[Data section]
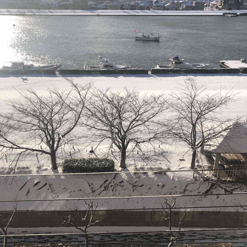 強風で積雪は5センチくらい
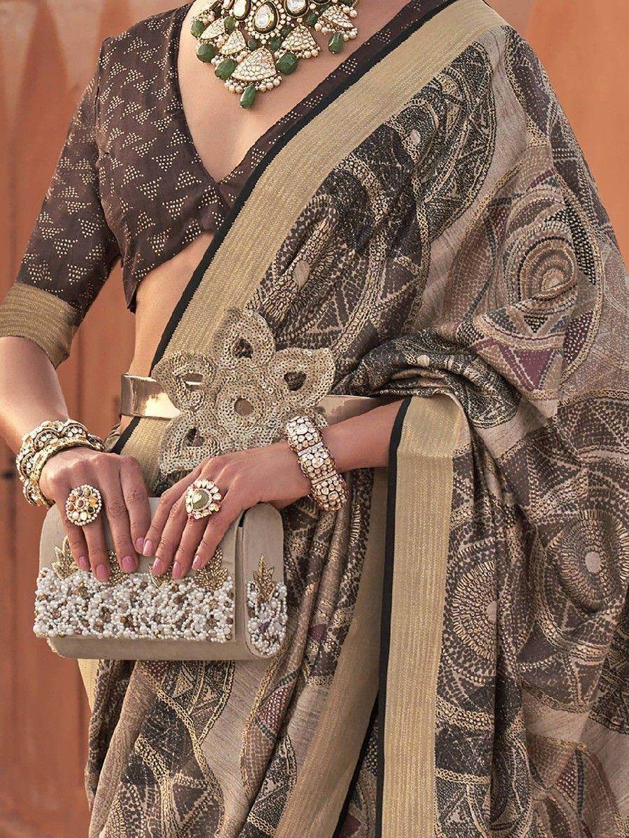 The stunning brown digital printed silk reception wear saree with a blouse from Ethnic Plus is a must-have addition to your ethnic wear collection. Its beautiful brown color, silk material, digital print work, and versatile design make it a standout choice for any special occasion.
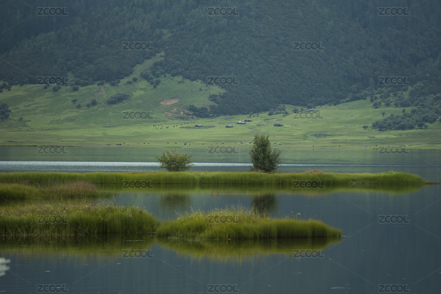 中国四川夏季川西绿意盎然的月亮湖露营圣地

[About this exercise] Transcribe the listing above in full and exactly; no pictures belong in the copy.

[Exercise solution]
 強風で積雪は5センチくらい
 The stunning brown digital printed silk reception wear saree with a blouse from Ethnic Plus is a must-have addition to your ethnic wear collection. Its beautiful brown color, silk material, digital print work, and versatile design make it a standout choice for any special occasion.
 中国四川夏季川西绿意盎然的月亮湖露营圣地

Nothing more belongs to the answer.